Index funds have thrived during the extended bull market, and their expense ratios are less than half that of actively managed funds. Plan sponsors also like the idea that building plan lineups with passively managed investments could make them less vulnerable to the hotbed of fee-related litigation.

Above all, the rise of indexing in defined contribution plans has been very tightly correlated with the increased use of target-date funds in these plans. “That’s been the real driver,” says James Martielli, head of defined contribution advisory services at Vanguard Institutional Group in Malvern, Pa.

According to the latest survey from the Plan Sponsor Council of America, passively managed target-date funds are offered by 37% of the plans that provide access to target-date funds. More than 90% of the target-date assets administered by Vanguard, well known for indexing, are invested in index strategies.

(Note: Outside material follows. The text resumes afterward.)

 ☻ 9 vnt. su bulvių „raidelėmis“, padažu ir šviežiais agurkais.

“It’s very gratifying that people realize costs matter,” says Martielli, referring to the industry’s increased adoption of index funds. “There are definitely benefits in cost, transparency and diversification.” However, active management can also play a role in retirement plan savings, he says, and plan sponsors should evaluate their options.

Vanguard encourages plan sponsors to think about their plan lineup in tiers. For the first tier, it suggests target-date funds. For the second tier, it suggests index options for the broad asset classes (U.S. equity, non-U.S. equity, U.S. core fixed income and non-U.S. core fixed income). Actively managed investments are probably best suited to a third tier, he says, where they can be accessed by plan participants who have the time, willingness, ability and patience to construct their own menus.

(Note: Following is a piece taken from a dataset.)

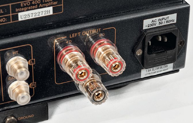 W ustawieniu Triode, Evo 400 powinien być zdolny oddać 38 W, a w konfiguracji UL – aż 70 W, zarówno przy 8 jak i 4 Ω. Dotyczy to zainstalowanych w testowanym egzemplarzu lamp EL34; dla KT88 moc ma być nieco wyższa (2 x 40 W/2 x 72 W, Triode/UL).

“You definitely need patience because with active, relative performance can be quite lumpy,” says Martielli. “A lot of mistakes can be made if you overact to performance.”

Other retirement plan experts agree there’s a place for both actively managed and passively managed investments in 401(k) plans and that fees, although a big consideration, shouldn’t be the only consideration.

Meeting Needs, Managing Expectations

Nathan Boxx, the director of retirement plan services for Pittsburgh-headquartered Fort Pitt Capital Group, thinks the active-versus-passive debate has been oversimplified. “It’s like, ‘Are you a cat person or a dog person?’” he says. “We don’t view the world quite as binary as that.”